To address the first question – it was argued that, in general, market neutral bond market purchases don’t exit. When the central banks use funding from safe debt to support purchases of comparatively risky securities - bonds, they favor firms that are riskier and more bond-levered. Instead, when one investigates the climate specific aspect of non-neutrality, we see that that the firms that are more fixed capital heavy (and that subsequently emit more pollutants) tend to issue relatively more bonds, for example in the energy and manufacturing sectors. On the other hand, the ‘greener’ firms, in say the service sector, have relatively higher funding from equity and loans.
On the second question about the scope of intervention, Prof. Piazzesi postulated through the study’s model that if the government did have adequate carbon tax levied, then the optimal policy solution to environmental social welfare problem would be found without central banks having to factor in climate externalities. But given it is not the case in reality, a green monetary policy will help improve welfare. With respect to what central banks can do, for the general non-neutrality concerns the study suggests to change the current criteria of measuring market neutrality. Moving from purchasing corporate bonds in proportion of market outstanding, the study suggests purchasing bonds keeping the relative cost of capital unchanged across firms. Without this shift, contrary to the central banks’ aims, there will be a distortion in market portfolio. As a more direct mechanism, central banks can consider the climate risk factor in designing their corporate bond portfolio, and also increase dirty firms’ cost of capital by making them ineligible for purchases.
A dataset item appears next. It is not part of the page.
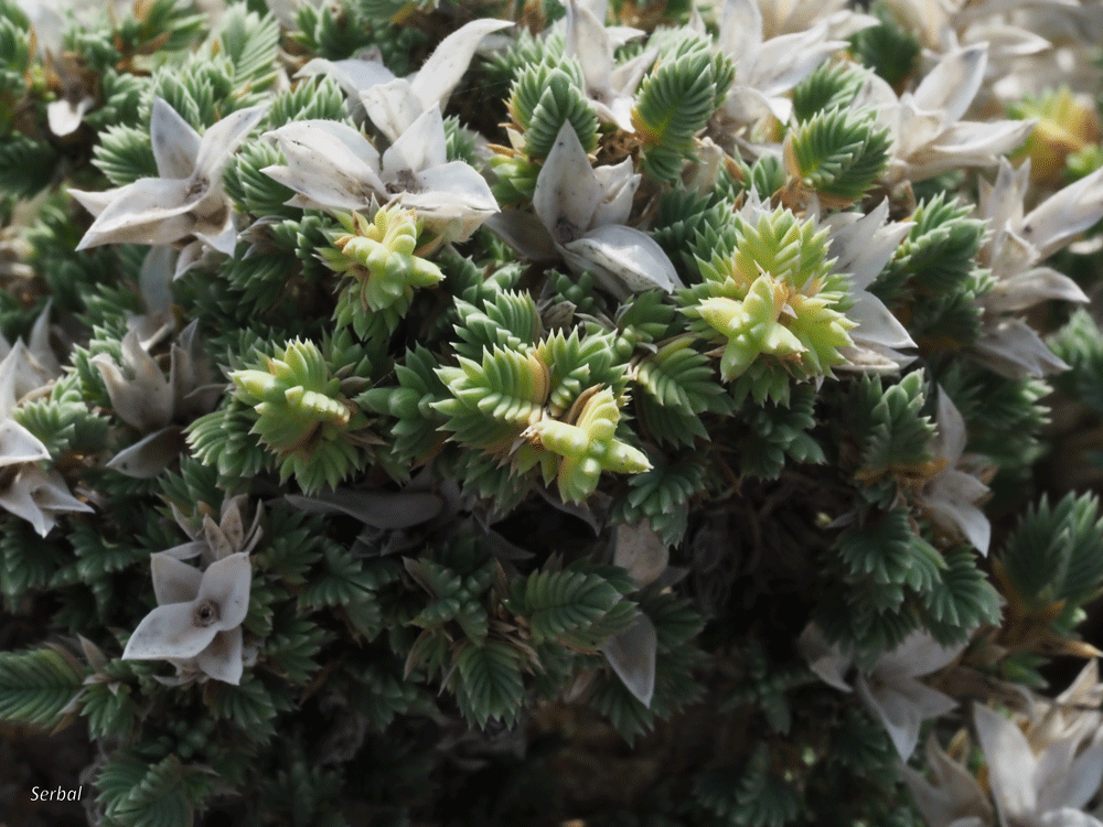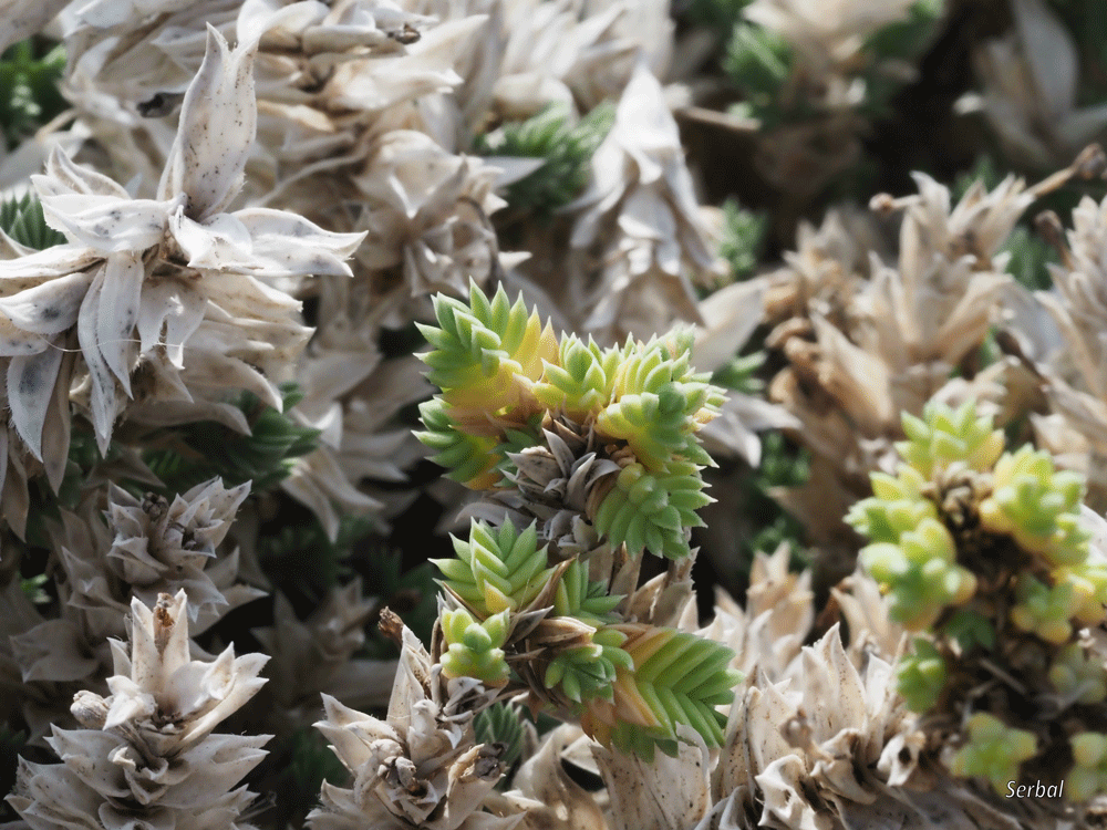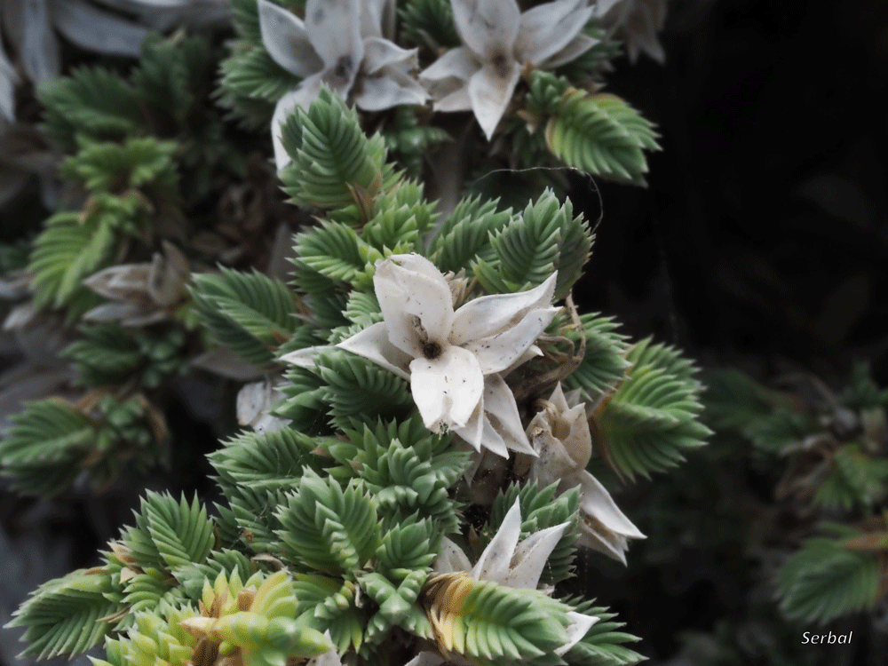 Las hojas se agrupan en verticilos de 4, son hojas que se acompañan de una bráctea superpuesta cada una formando una unidad, son hojas imbricadas con forma oblongolanceolada terminadas en mucrón, borde coriáceo, blanquecino con nervio grueso por el envés; la disposición de las hojas permite conservar y retener la humedad.

Further, going beyond the study of corporate bond purchases, the discussion in the seminar shifted to alternative within unconventional monetary policies of asset purchases. As mentioned before, greener sectors tend to depend more on equity and loans, hence it was discussed that purchasing equity and creating venture capital setups could be possible avenues to consider for the central banks. And, further broadening the scope, macro prudential policies can be a possible avenue; as it is possible that the private banks are more equipped in assessing the risk of innovative and young firms in the green sector than the central banks. More concretely, as seen in the case of Bank of Japan, it can be made cheaper for banks to give loans to green firms.
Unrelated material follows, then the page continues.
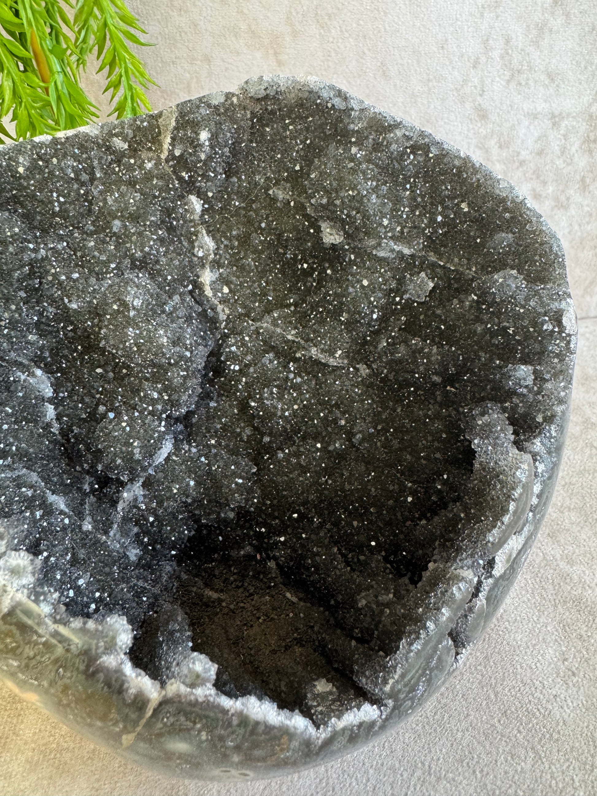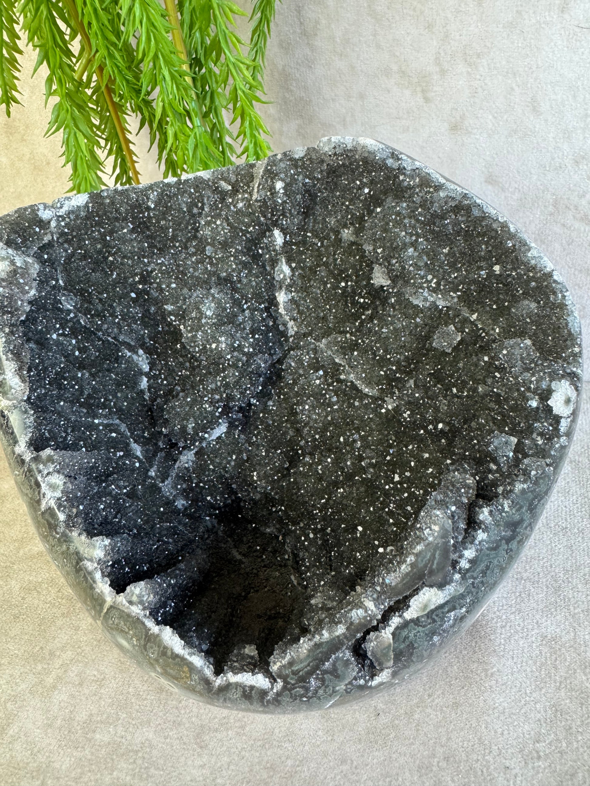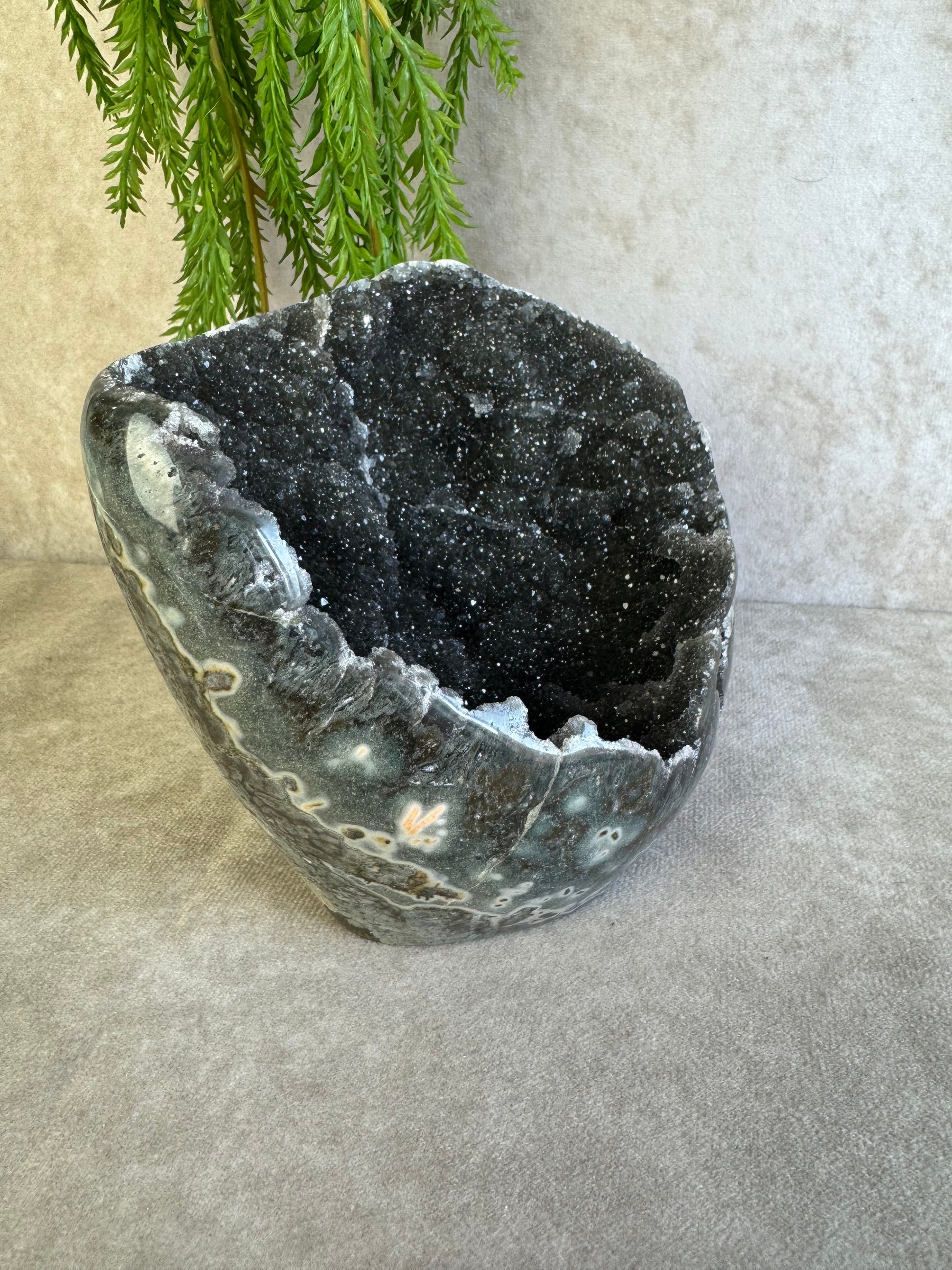 Dit diep zwarte stuk heeft prachtige druzy en weegt 1354 gram en 12,5x15 cm.

To conclude, on 8th July, 2021, ECB had presented a climate road map which included reassessment of market neutrality and efficiency concepts. Specifically, to assess the potential biases and make proposals for alternative benchmarks (especially for corporate bond purchases). In this backdrop, the findings presented by Prof. Piazzesi are critical and the discussion provided interesting scopes of future study. The key takeaway would be to have a higher awareness on how true the idea of a “neutral portfolio” is and how crucial are the central bank policies, in the contemporary scenario, for the market of green firms.